Here's a newbie question....

How do you decipher NISSAN's VIN numbers?  

Is there a link to a site that anyone can share??? I did a search within this forum but had gotten no luck. So... Holla back

-7RIpp


----------



## RiceBox (Apr 30, 2002)

This is for Sentras

http://www.sentra.net/tech/gen-vin.php?

What are you trying to find out about the car???


----------



## 7RIPP3R (Sep 27, 2002)

I have just been given an 87 sentra 2DR with 65K original miles (This car was my aunt's weekend driver). I am now trying to decipher it's trim level. It has a 5spd manual tranny carbureated and no tach meter. I'm not even sure if they where categorized by trim level.

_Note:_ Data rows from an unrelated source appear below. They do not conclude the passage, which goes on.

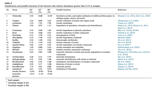 5 微生物群落數據:來自表3和表4,RB中好氧和厭氧細菌(如Thiobacillus、Pseudomonas)豐度增加,多樣性參數下降。研究意義是揭示微生物群落結構與功能分工的關聯,證實好氧-缺氧微環境促進了細菌共存,增強了污染物去除。
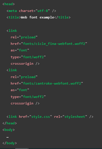 En este caso, el código precarga una imagen a través de dos elementos "link"; esto debido a que se está asignando el uso de cada uno para una circunstancia en particular. En base al ancho de la pantalla en la que se visualice la página, se procederá a precargar una imagen grande o una pequeña. La ventaja de hacer esto es que se aumentan las posibilidades de que el recurso esté disponible para la presentación de la página, reduciendo el FOUT (flash de texto sin estilo).
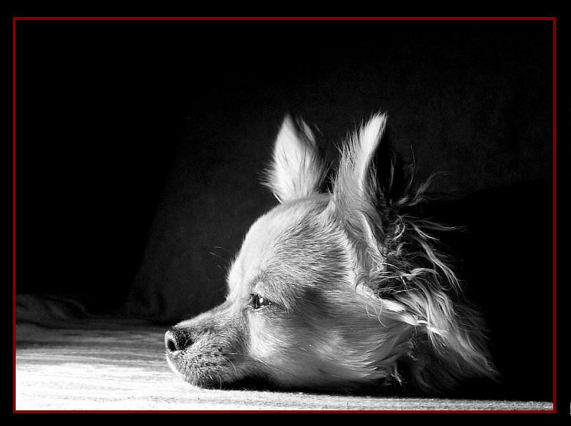 5/6 vítej na FA, pejsek je krásnej,nasvícení též, jen souhlasím s předchozími - ten rámeček je trochu moc dominantní (ale to též nehodnotím) ;o)
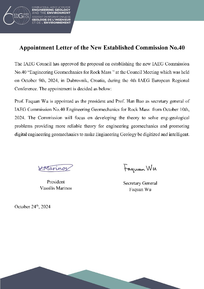 我院教师当选国际工程地质与环境协会(IAEG)岩体工程地质力学委员会秘书长
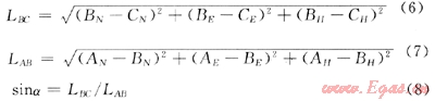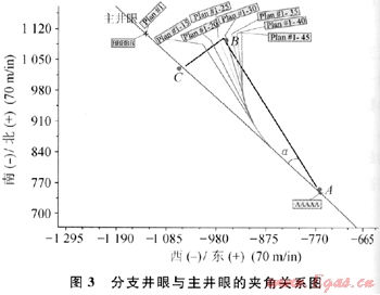 式中AN、AE、AH、BN、BE、BH、CN、CE、CH分別表示A、B、C點(diǎn)在三維空間坐標(biāo)系內(nèi)的坐標(biāo);LBC表示B點(diǎn)到C點(diǎn)的長(zhǎng)度;L徹表示A點(diǎn)到8點(diǎn)的長(zhǎng)度;a表示分支井眼的側(cè)鉆點(diǎn)與分支井眼終點(diǎn)的連線與主井眼的直線夾角。
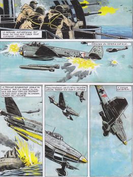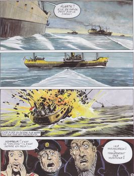 remarques: | l'histoire d'un convoi de 57 cargos et neuf escorteurs partis de New Waterport (Nova Scotia) à destination de Mourmansk le convoi sur la route arctique est harcelé par les U-Boote et la Luftwaffe au large de la côte nord de Norvège >> p. 23 la tactique des U-Boote (la meute) et celle des escorteurs du convoi >> p. 34 une proie idéale pour les Stukas >> pas le meilleur des albums de Dimitri, mais scénario et graphisme très respectables avec une jolie couverture d'album n.b. >>> biographie Guy Mouminoux alias Dimitri voir CBD no 63 (Adèle Blanc-Sec), ainsi que dossier auteurs BD Dimitri 462D2+E Information fin 1941, sur les quais encombrés de New Waterford (Nova Scotia) des centaines de bâtiments sont affrétés pour assurer les grands convois qui vont ravitailler la guerre à l'autre bout du monde; sous la protection de l'U.S. Navy, 57 cargos, chargés à ras bord de matériaux, de munitions y compris de nombreux tankers accompagnés de neuf escorteurs, s'avancent sur l'océan pour une longue traversée qui doit les mener en URSS Alttrup, héros malgré lui de cette histoire tragique, fait partie de l'équipage du Viborg, navire transportant 2500 tonnes de carburant et 2000 fûts d'huile, le convoi est en proie aux attaques allemandes et les sous-marins ennemis ne tardent pas à se manifester, coulant méthodiquement plusieurs navires, dans le chaos et la panique générale, en plus des attaques de la Luftwaffe, il faut s'organiser pour survivre dans les eaux froides de l'Arctique avec ce récit, Dimitri nous fait partager une fois de plus les horreurs de la guerre |

any info would be great! Thanks.

-7Ripp


----------



## RiceBox (Apr 30, 2002)

Yeah there are different trim levels, but they were all carbed and didn't have a tach. Does it have A/C, or P/S???


----------



## 7RIPP3R (Sep 27, 2002)

no P/S nor A/C its a workout to parallel park and i will loose weight during summer next year. I think it might be the base level but I'm not sure. btw, what are the trim levels for this year anyways?

thanks.


----------



## RiceBox (Apr 30, 2002)

Probably base model if it doesn't have any markings on it, espcially if it doesn't have P/S.


----------



## 7RIPP3R (Sep 27, 2002)

Thanks for all your input RB! 

Now it's off to searching for info on putting an a/c unit before next summer. Hopefully someone has posted this question before.

peace.


----------



## RiceBox (Apr 30, 2002)

Don't bother with the A/C. My car has it and I don't bother using it because the car can barely move when the A/C is on. The max speed is about 70-75 MPH


----------



## Guest (Oct 11, 2002)

Yeah, I never use A/C either. It doesn't get that hot in New York anyway, right.


----------



## 7RIPP3R (Sep 27, 2002)

jazziz said:


> *Yeah, I never use A/C either. It doesn't get that hot in New York anyway, right. *


well... we've had a few heatwaves and it does get a bit uncomfortable during the summer time in the city. (all that concrete stores a lot of heat). But summer is a long ways away. the a/c install -if i decide to go with it- will have to wait till spring. I've switched over to modifiyingmy carb intake. read a few threads about it, looks like i will have to be creative.


----------